What nobody tells you about life as a bed and breakfast owner
Behind the scenes of hosting in Provence, where lived-in passion meets daily reality.
Behind the scenes of hosting in Provence, where lived-in passion meets daily reality.
People picture the life of a bed and breakfast owner the way they picture country living. Soft golden light, good things within reach, your own pace. Sometimes that is true. Before that, there are sheets changed at 11 pm, bookings landing for three days from now, a toilet making a strange noise on a Saturday morning, and a guest asking at the last minute whether a cot is available.
The part nobody shows
Running a guesthouse means being all at once an owner, a decorator, a cook, a concierge, a handyman, and sometimes a confidant. Not because guests are difficult. Most are pleasant, curious, grateful. It is because everything rests on you. No night receptionist. No maintenance team. No HR. Just you, your house, and the conviction that it is worth it.

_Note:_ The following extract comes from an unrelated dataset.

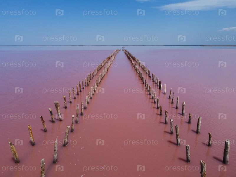 Деревянные пирсы в соленом озере, деревянные останки в розовом озере

What the trade teaches you about yourself
Welcoming strangers into your home forces you to look at the space through their eyes. That staircase you have climbed without a thought for ten years, is it safe? That garden you have stopped really tending since the children left, what does it say about you? You become attentive again to what you had ended up not seeing. And in that effort of looking, sometimes you rediscover the place where you live.
What makes up for all of it
What makes this trade strange and precious is that it is direct. A guest's satisfaction or dissatisfaction reads instantly: in the way they settle in, talk about last night's dinner, look out at the garden when they wake. No filter, no survey sent three weeks later. That immediacy is exhausting and, when it turns positive, deeply rewarding.
This is not a service trade. It is a trade of presence.